What the task requires
Beginning with the line that holds "Momentum Black Cold", copy each line to the end of the records exactly, except the pictures.

Data records
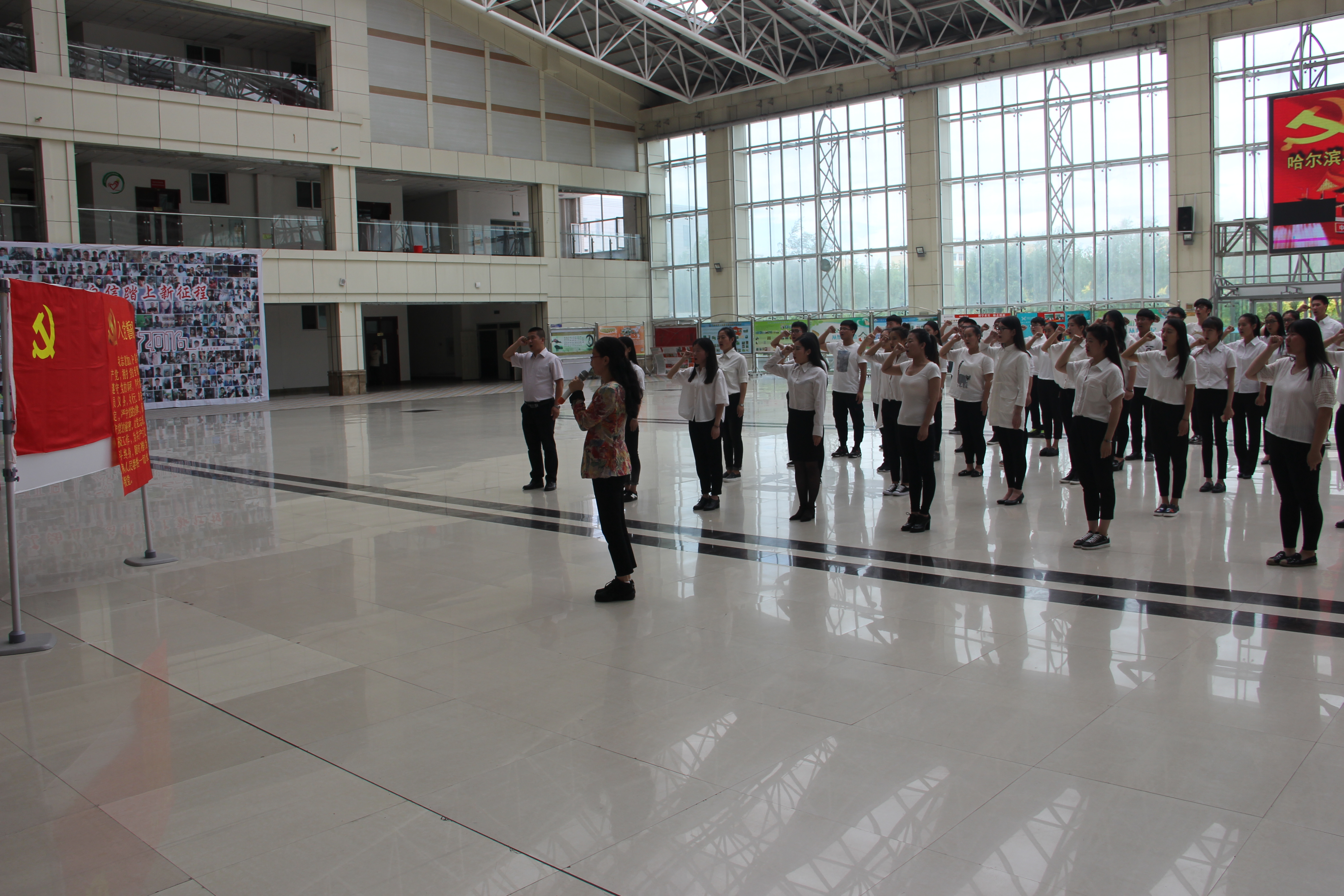 为庆祝中国共产党建党95周年,讴歌党的丰功伟绩,激励广大党员牢记使命,更好的发挥党员先锋模范作用,6月24日,伟德bv国际体育党委在主教学楼阳光大厅召开入党宣誓大会。
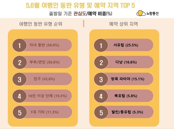 노랑풍선에 따르면 5~6월 여행인 동반 유형은 자녀 동반이 56.9%로 가장 높은 비중을 차지했으며 부부·연인이 56.8%로 그 뒤를 이었다. 전체 지역 중 예약률이 가장 높은 곳은 서유럽(25.5%)으로 다낭(16.6%)과 방콕 파타야(15.1%), 북유럽(5.8%), 발칸·동유럽(5.3%) 등 기존 인기 여행지들이 순위권을 차지했다. 올해는 코로나19의 완화로 개방한 항공 노선이 늘어나 지난해 동기간 대비 예약율도 15~20% 높아졌다.
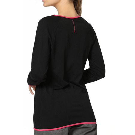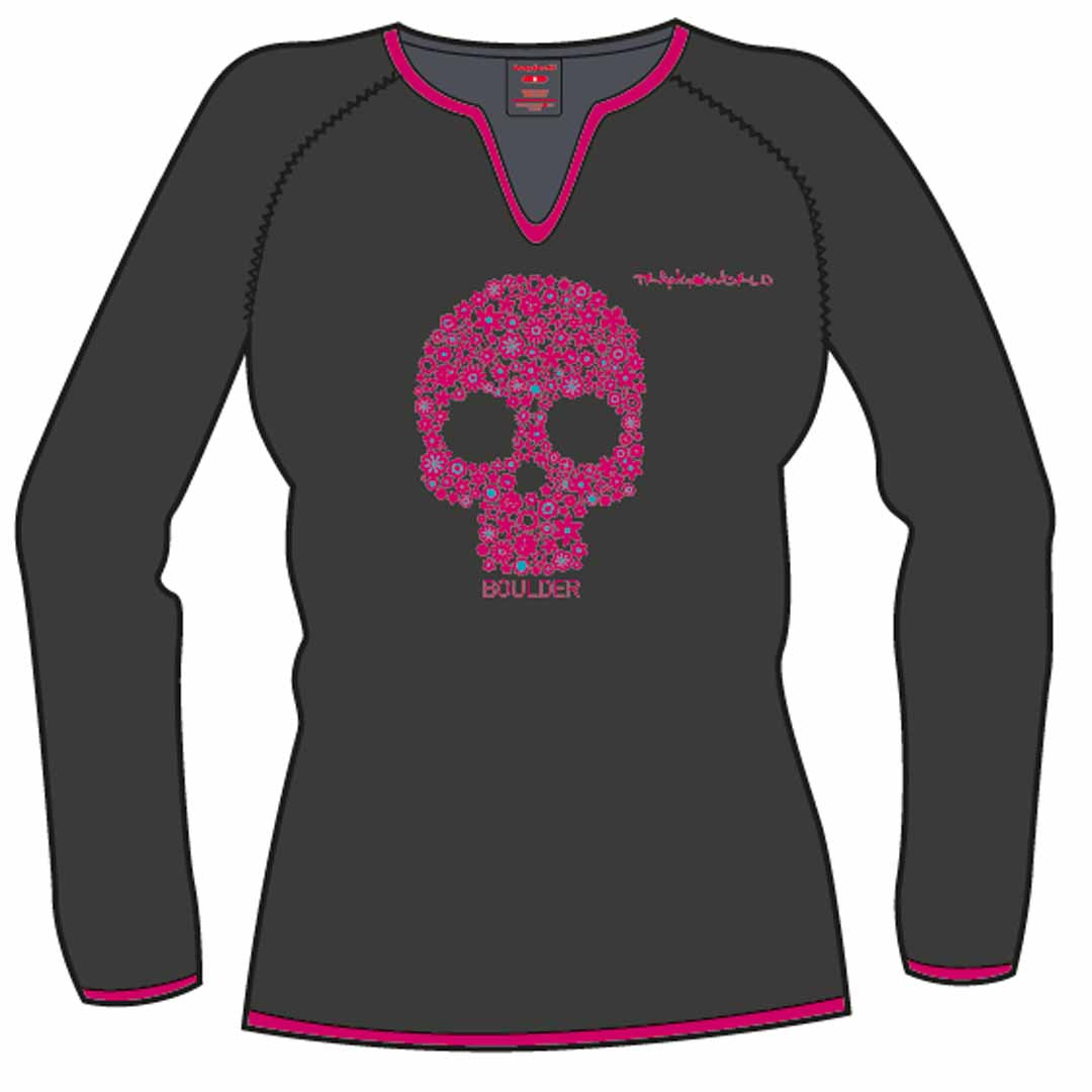 Camiseta de mujer en tejido de Algodón con Costuras Flatlock (4 agujas), cuello redondo y pico, manga larga y serigrafía. Transpirable, tejido natural, tratamiento antipilling, lavado siliconado. Suave, higiénica y fácil de mantener.
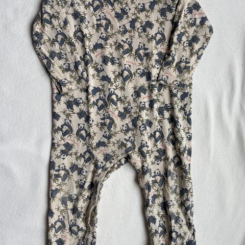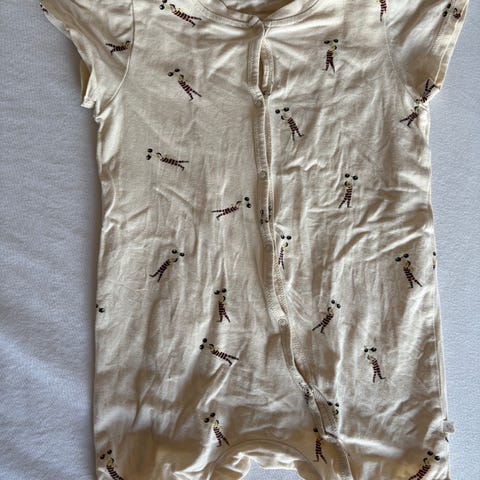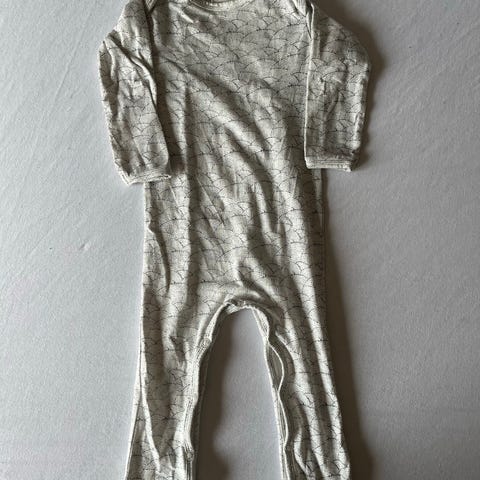 Konges Sløjd blød heldragt i printet Brown Lemon i størrelse 80. Den har fået en misfarvning på det ene ben (se billede), som jeg ikke ved, hvad er. 95% økologisk bomuld, 5% elastane. Kun vasket i neutral vaskemiddel.
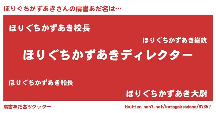 | 男性向けラノベタイトル風あだ名 | 『ほりぐちかずあきに滅ぼされるだけの簡単なお仕事です』 |
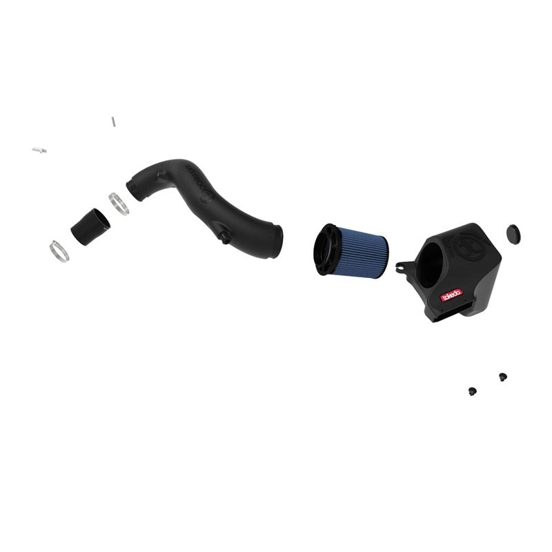 Momentum Black Cold Air Intake System with Pro 5R Filter (56-70005R) by Takeda. With the Momentum Sealed Stage 2 Kit, Takeda has taken Cold Air Intake Systems to the next level. Instead of placing the air filter outside the engine bay, Takeda positions a special Pro DRY S or Pro 5R air filter in a 1-piece combination air box/air scoop, where it can capture cool air forced in from the front of the vehicle. Cooler air contains more oxygen for more complete combustion and more horsepower.
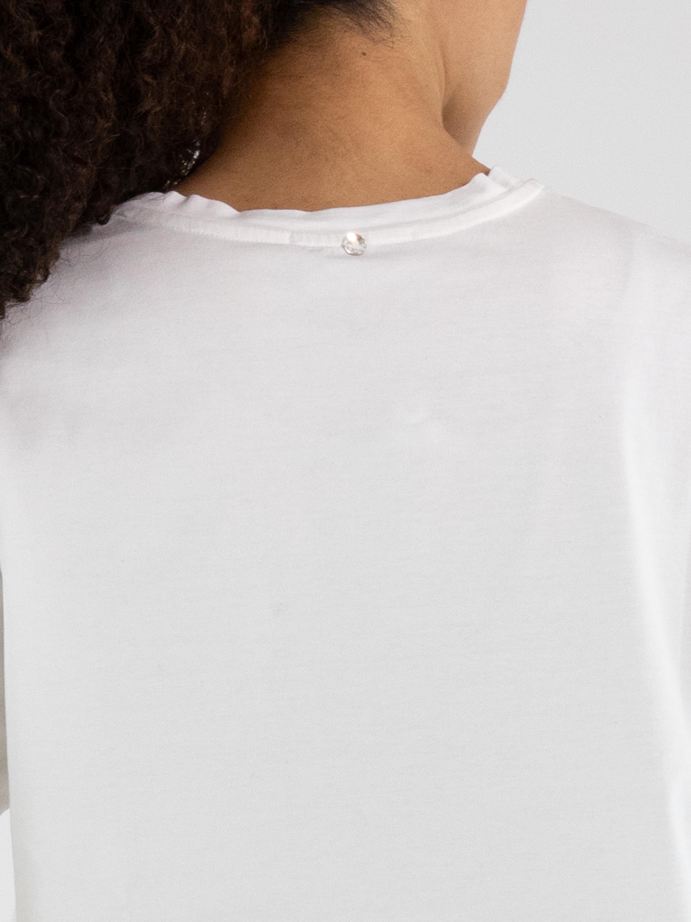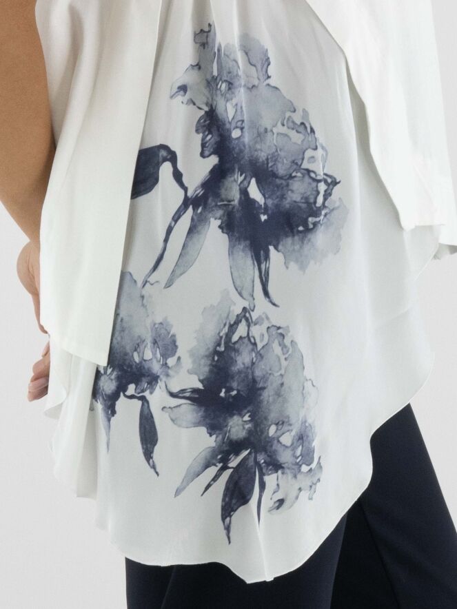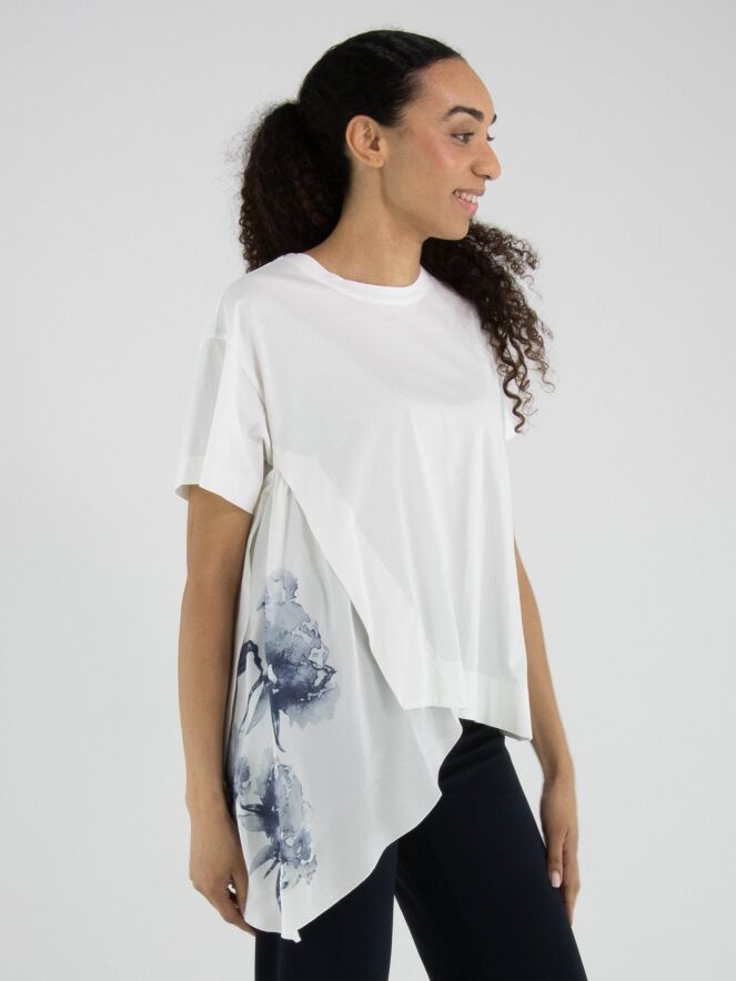 T-shirt de High en blanc crème. Un empiècement en satin mat avec un imprimé graphique d’orchidées dans plusieurs nuances de bleu marine est inséré sur le côté droit, créant un contraste artistique et affirmé. Doté d’un col rond et de manches courtes, il est souligné par plusieurs coutures diagonales qui renforcent son caractère contemporain. Ce t-shirt de créateur exclusif doit être lavé à la main.

Exercise answer
 Momentum Black Cold Air Intake System with Pro 5R Filter (56-70005R) by Takeda. With the Momentum Sealed Stage 2 Kit, Takeda has taken Cold Air Intake Systems to the next level. Instead of placing the air filter outside the engine bay, Takeda positions a special Pro DRY S or Pro 5R air filter in a 1-piece combination air box/air scoop, where it can capture cool air forced in from the front of the vehicle. Cooler air contains more oxygen for more complete combustion and more horsepower.
 T-shirt de High en blanc crème. Un empiècement en satin mat avec un imprimé graphique d’orchidées dans plusieurs nuances de bleu marine est inséré sur le côté droit, créant un contraste artistique et affirmé. Doté d’un col rond et de manches courtes, il est souligné par plusieurs coutures diagonales qui renforcent son caractère contemporain. Ce t-shirt de créateur exclusif doit être lavé à la main.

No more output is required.